**AVAILABLE DATA**

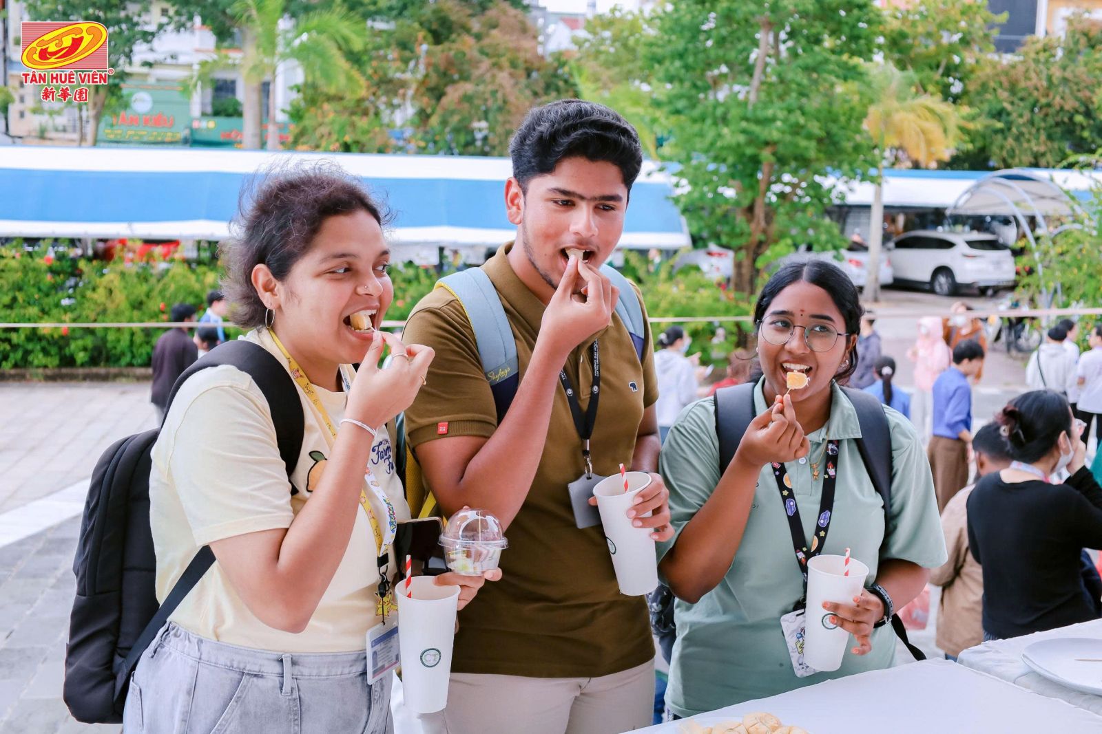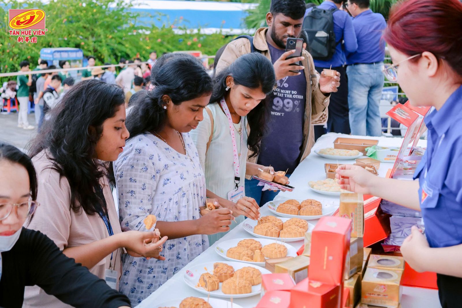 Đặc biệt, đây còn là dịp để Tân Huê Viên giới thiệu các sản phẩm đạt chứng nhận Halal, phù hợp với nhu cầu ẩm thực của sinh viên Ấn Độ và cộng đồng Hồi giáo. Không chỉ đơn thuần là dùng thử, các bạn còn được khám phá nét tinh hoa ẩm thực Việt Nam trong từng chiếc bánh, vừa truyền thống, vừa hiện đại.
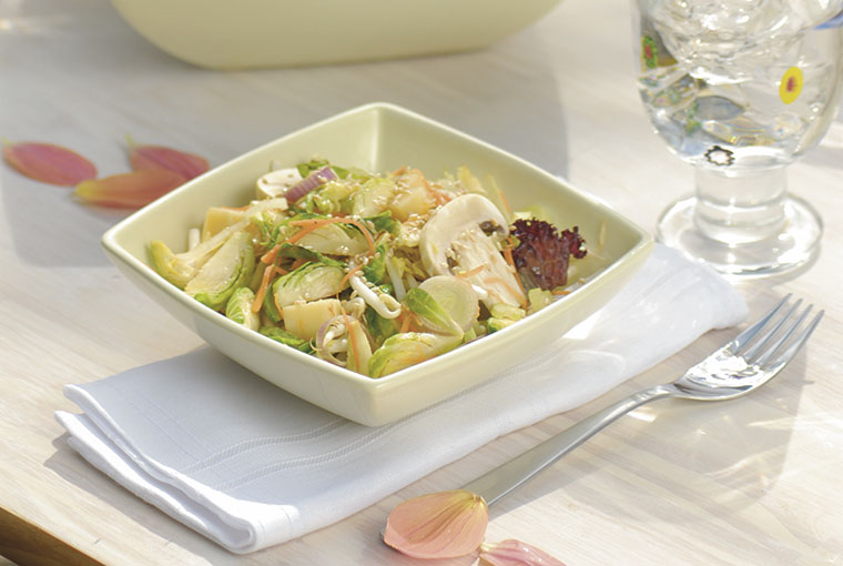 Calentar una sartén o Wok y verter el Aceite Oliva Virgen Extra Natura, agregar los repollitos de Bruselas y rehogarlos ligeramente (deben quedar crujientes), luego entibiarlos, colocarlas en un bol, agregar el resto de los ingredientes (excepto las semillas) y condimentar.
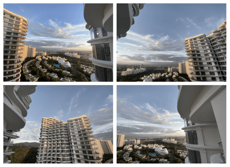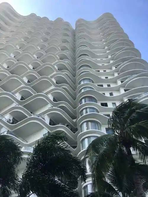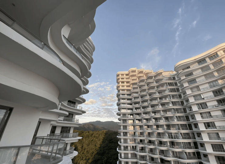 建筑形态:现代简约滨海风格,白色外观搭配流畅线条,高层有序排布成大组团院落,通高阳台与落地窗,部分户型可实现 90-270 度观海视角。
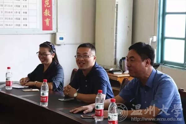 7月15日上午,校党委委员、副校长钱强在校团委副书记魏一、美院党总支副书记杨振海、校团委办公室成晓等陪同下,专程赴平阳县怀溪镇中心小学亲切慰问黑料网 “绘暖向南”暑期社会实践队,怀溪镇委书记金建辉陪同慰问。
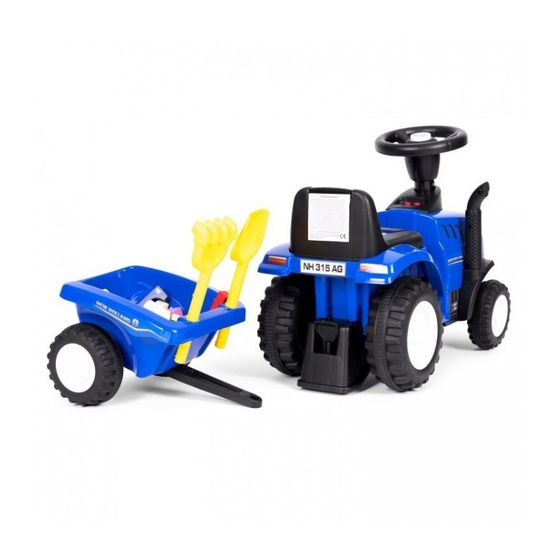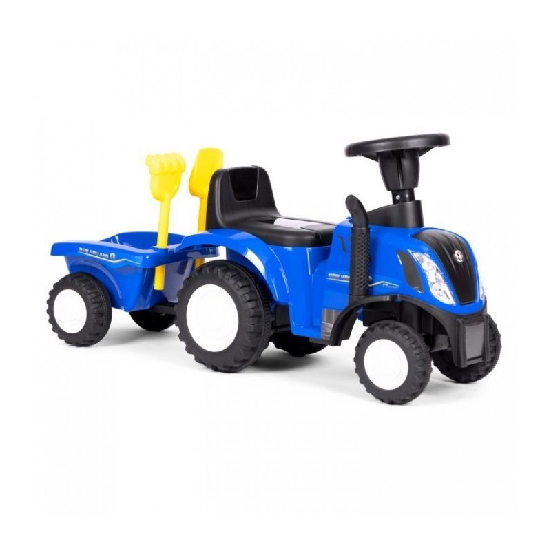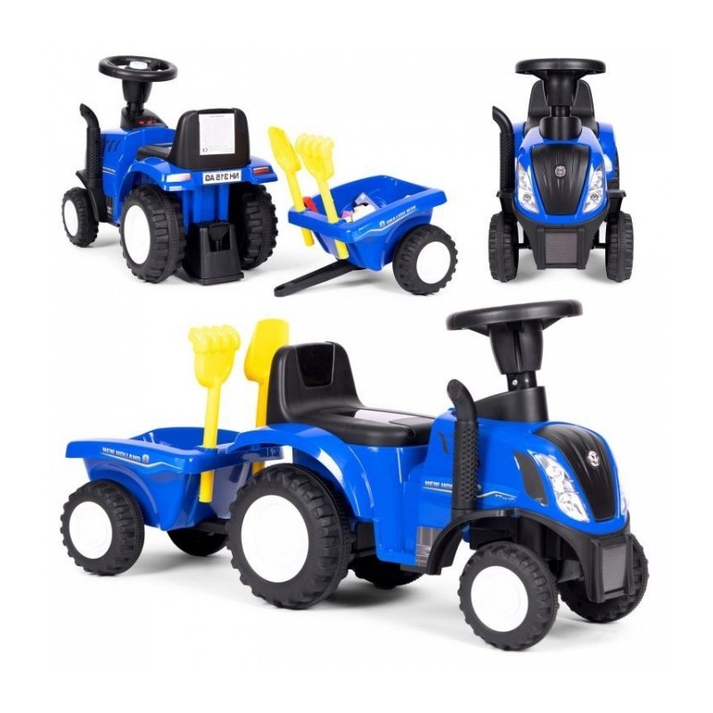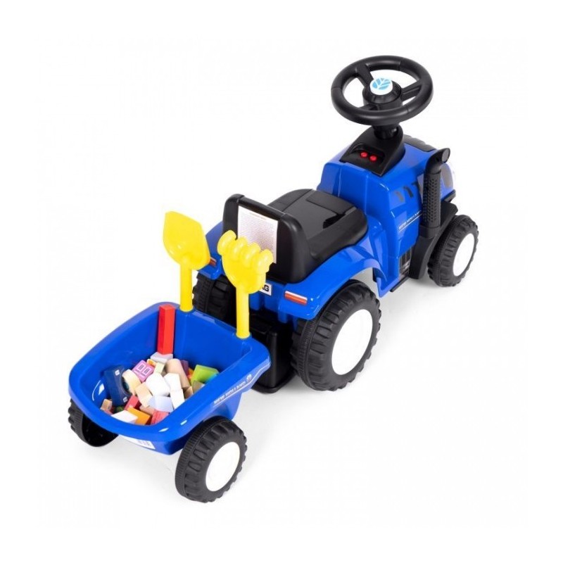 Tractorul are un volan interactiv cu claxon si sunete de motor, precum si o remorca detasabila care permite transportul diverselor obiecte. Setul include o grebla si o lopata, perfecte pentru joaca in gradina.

**PROBLEM TO WORK ON**
If an entry holds a picture, skip the picture and print the rest of the data exactly.

**FINAL ANSWER**
 Đặc biệt, đây còn là dịp để Tân Huê Viên giới thiệu các sản phẩm đạt chứng nhận Halal, phù hợp với nhu cầu ẩm thực của sinh viên Ấn Độ và cộng đồng Hồi giáo. Không chỉ đơn thuần là dùng thử, các bạn còn được khám phá nét tinh hoa ẩm thực Việt Nam trong từng chiếc bánh, vừa truyền thống, vừa hiện đại.
 Calentar una sartén o Wok y verter el Aceite Oliva Virgen Extra Natura, agregar los repollitos de Bruselas y rehogarlos ligeramente (deben quedar crujientes), luego entibiarlos, colocarlas en un bol, agregar el resto de los ingredientes (excepto las semillas) y condimentar.
 建筑形态:现代简约滨海风格,白色外观搭配流畅线条,高层有序排布成大组团院落,通高阳台与落地窗,部分户型可实现 90-270 度观海视角。
 7月15日上午,校党委委员、副校长钱强在校团委副书记魏一、美院党总支副书记杨振海、校团委办公室成晓等陪同下,专程赴平阳县怀溪镇中心小学亲切慰问黑料网 “绘暖向南”暑期社会实践队,怀溪镇委书记金建辉陪同慰问。
 Tractorul are un volan interactiv cu claxon si sunete de motor, precum si o remorca detasabila care permite transportul diverselor obiecte. Setul include o grebla si o lopata, perfecte pentru joaca in gradina.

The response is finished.